为了方便后面的讨论和对其它工具进行介绍，我们这里将 rsync 的工作流程简要摘录如下（假设有两台能通过比较慢的连接通信的主机 α 和 β，它们分别有文件 A 和 B。我们需要将 B 文件同步为 A 文件）：

β splits the file B into a series of non-overlapping fixed-sized blocks of size S bytes. The last block may be shorter than S bytes.
For each of these blocks, β calculates two checksums: a weak rolling 32-bit checksum and a strong 128-bit MD4 checksum.
β sends these checksums to α.
α searchs through A to find all blocks of length S bytes (at any offset, not just multiplers of S) that have the same weak and strong checksum as one of the blocks of B. This can be done in a single pass very quickly using a special property of the rolling checksum described below.
α sends β a sequence of instructions for constructing a copy of A. Each instruction is either a reference to a block of B, or literal data. Literal data is sent only for those sections of A which did not match any of the blocks of B.

上述步骤完成后，主机 β 就有了 A 文件的完整副本。至于 rolling checksum （基于 Mark Adler's adler-32 checksum 算法）和两端重复数据块的查找算法的细节描述可以参考上面给出的文档链接。

从上面流程我们可以看到，整个数据差异计算工作，都由主机 α 完成。一般应用场景下，主机 α 的角色基本由服务器充当。

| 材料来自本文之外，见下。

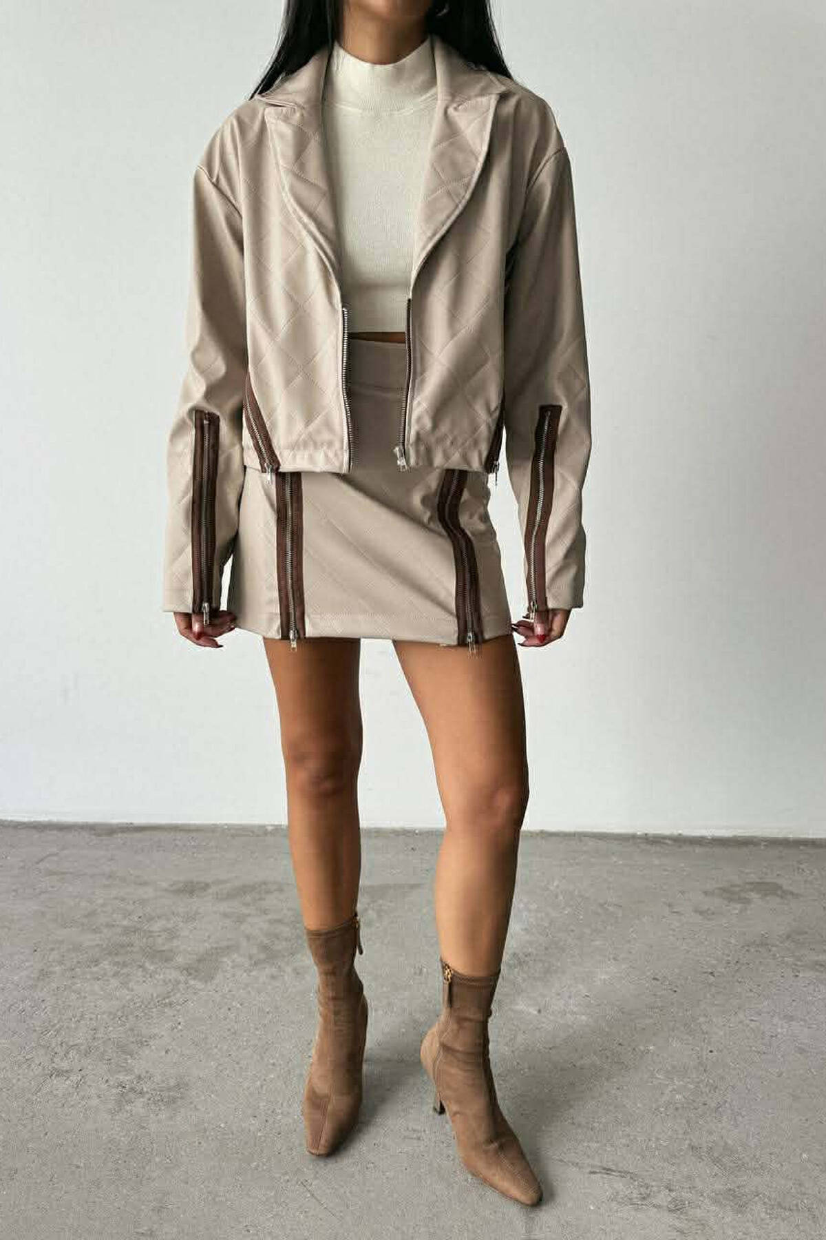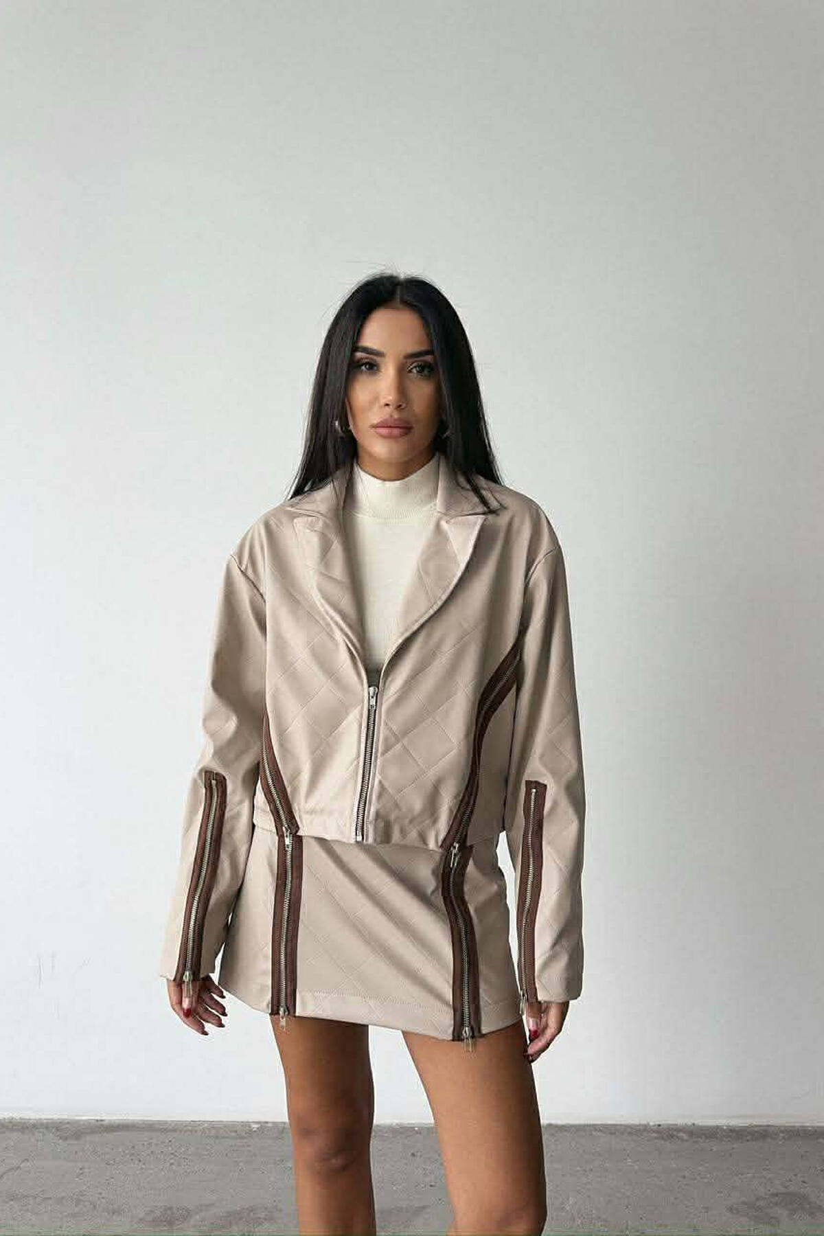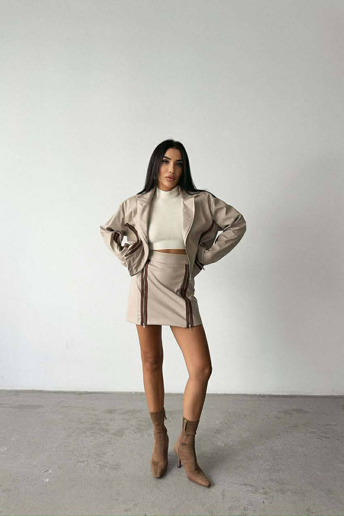 ZIPPERS DETAIL JACKET+SKIRT LEATHER WOMEN SET BEIGE/BEZHE

实际使用中，还有很多用于提供 rsync 工作效率的优化手段，比如，使用 rsync 友好的压缩方式以解决 rsync 无法有效处理普通压缩包的问题，等等。我们就不再深入讲解了。

Multiround Rsync 提出了一些对 rsync 算法优缺点的分析和优化方式。

目前有很多基于 rsync 算法的库和工具：

rdiff 工具使用 rsync 算法生成两个文件间的差异文件（类似 diff 工具，但是生成的差异文件格式不同），该差异文件可以被 rdiff patch 使用。rdiff 也适用于二制文件。
librsync 库是 rdiff 使用的 rsync 算法实现。Dropbox, rdiff-backup, duplicity 等工具也都使用了该库。

RDC

在重复数据消除（Data deduplication）技术中会涉及到对数据文件进行分块的策略，常用的策略有：定长块策略、变长块策略（CDC，content-defined chunking）和滑动块（Sliding Block）策略。

定长块很容易理解，源文件和目标文件根据固定的长度进行数据分块。滑动块策略类似上面介绍的 Rsync 算法使用的策略。而变长块策略使用算法根据文件中的模式决定分块的大小和边界。这篇文章对 CDC 的工作模式和优缺点有如下介绍：

CDC 算法是一种变长分块算法，它应用数据指纹(如 Rabin 指纹)将文件分割成长度大小不等的分块策略。与定长分块算法不同，它是基于文件内容进行数据块切分的，因此数据块大小是可变化的。算法执行过程中，CDC 使用一个固定大小 (如48字节)的滑动窗口对文件数据计算数据指纹。如果指纹满足某个条件，如当它的值模特定的整数等于预先设定的数时，则把窗口位置作为块的边界。CDC算法可能会出现病态现象，即指纹条件不能满足，块边界不能确定，导致数据块过大。实现中可以对数据块的大小进行限定，设定上下限，解决这种问题。CDC 算法对文件内容变化不敏感，插入或删除数据只会影响到检少的数据块，其余数据块不受影响。CDC 算法也是有缺陷的，数据块大小的确定比较困难，粒度太细则开销太大，粒度过粗则 dedup 效果不佳。如何两者之间权衡折衷，这是一个难点。

这里有一个比较容易理解的 CDC 实现的介绍。

FastCDC 提出了一种效率更高的 CDC 方案。

pcompress 设计了一种基于 rolling hash 的 CDC 实现方案。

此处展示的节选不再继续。